Di Wu (Ph.D.)
Published: 2023
Total Pages: 0
Get eBook
In the last decade, deep learning has gained soaring popularity in both academia and industry, playing an indispensable role in many aspects of human lives. The resource-intensive nature of deep neural networks (DNNs), especially its core operation, general matrix multiply (GEMM), has prompted extensive efforts to optimize the execution on conventional hardware, aiming to democratize the transformative capabilities of deep learning technology. However, conventional hardware with binary computing does not exhibit satisfactory hardware efficiency. To yield unprecedented levels of hardware efficiency to enable new applications, my research leverages novel unary computing and approximate computing, which diverge from conventional binary computing. The primary focus of my research is on the exploration of power-efficient computer architecture using unary computing and approximate computing, especially within the context of deep learning.
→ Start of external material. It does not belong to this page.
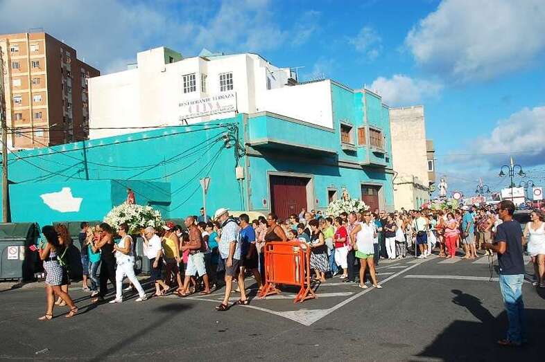 La procesión fue seguida por cientos de personas que se congregaron en las playas y avenidas que bordean la costa de Melenara para seguir y acompañar el recorrido de los barcos de pescadores que portaban, en la tradicional procesión terrestre y marítima, las imágenes de los patronos de la zona.

Unary computing utilizes extremely simple hardware to manipulate data in the form of serial bitstreams. My research on unary computing answers two questions: 1) what are the fundamental challenges of unary computing and the corresponding solutions? 2) how to design power-efficient computer architecture using unary computing? My research holistically presents how to understand, research, leverage unary computing, via innovations across multiple design stacks, including theory, simulation, circuit, architecture and application. This research targets mainly GEMM operations, with extended research on nonlinear operations. On the other hand, approximate computing intentionally introduces artificial defects to the computation, while maintaining the associated errors at an acceptably low level. My research on approximate computing answers two questions: 1) given certain fault tolerance, how to make trade-offs between the accuracy and energy? 2) given the expensiveness of complex nonlinear operations, how to minimize the hardware area and power overheads? My research attempts to identify the best trade-offs between DNN accuracy and hardware energy, achieving dynamic accuracy and energy scaling at both the single operation level and the DNN level, ultimately meeting the varying demands in various application scenarios. This research targets emerging DNNs with heavy and complex nonlinear operations, in addition to GEMM operations.